ABOUT THIS EXERCISE: Using the data below, restate exactly every line from the one with "Plexiglass frame. 2002" up to and including the one with "线下旅游热度也带动了东北旅游". No picture belongs in it.

--- RECORDS SHOWN Enclosed Below ---

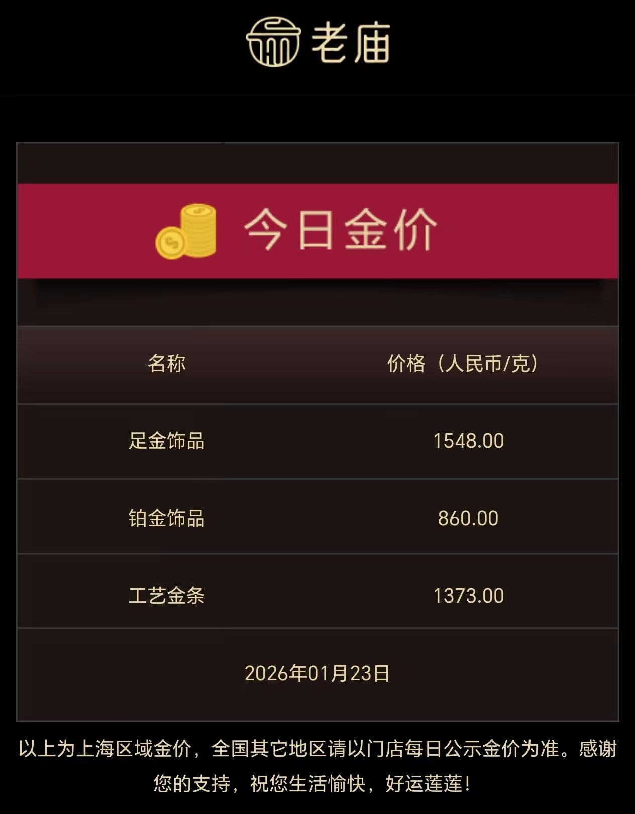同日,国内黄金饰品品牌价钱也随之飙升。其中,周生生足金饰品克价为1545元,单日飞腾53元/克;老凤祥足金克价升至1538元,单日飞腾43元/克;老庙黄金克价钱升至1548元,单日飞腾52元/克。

--- End of Enclosed RECORDS SHOWN ---
--- RECORDS SHOWN Enclosed Below ---

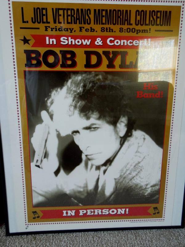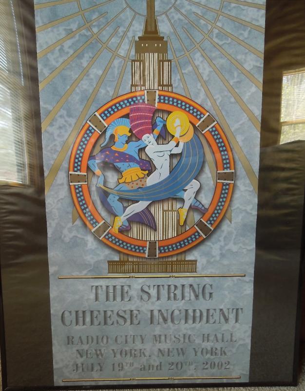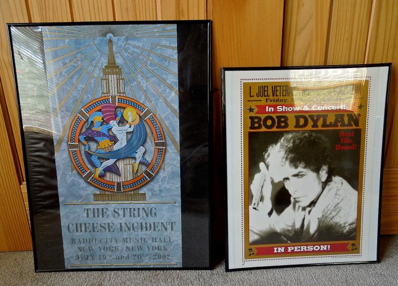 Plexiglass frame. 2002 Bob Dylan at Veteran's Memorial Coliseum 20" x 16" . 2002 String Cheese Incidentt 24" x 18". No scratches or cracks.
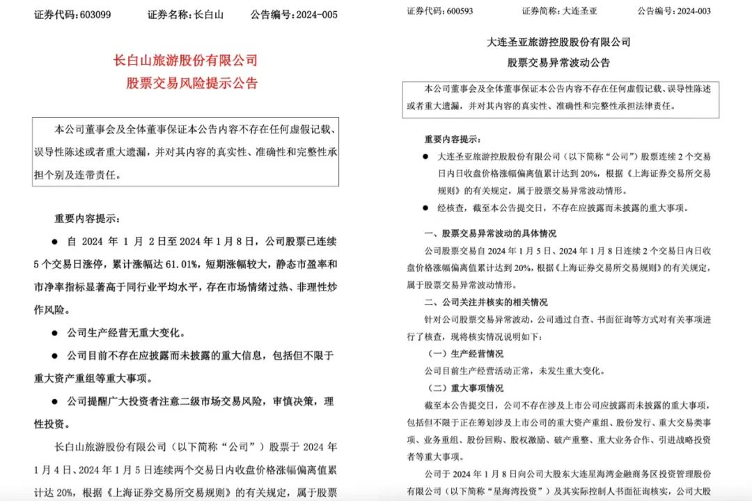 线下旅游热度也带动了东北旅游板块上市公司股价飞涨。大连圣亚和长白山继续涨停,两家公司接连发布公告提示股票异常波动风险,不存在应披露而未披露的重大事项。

--- End of Enclosed RECORDS SHOWN ---

WRITTEN REPLY:
 Plexiglass frame. 2002 Bob Dylan at Veteran's Memorial Coliseum 20" x 16" . 2002 String Cheese Incidentt 24" x 18". No scratches or cracks.
 线下旅游热度也带动了东北旅游板块上市公司股价飞涨。大连圣亚和长白山继续涨停,两家公司接连发布公告提示股票异常波动风险,不存在应披露而未披露的重大事项。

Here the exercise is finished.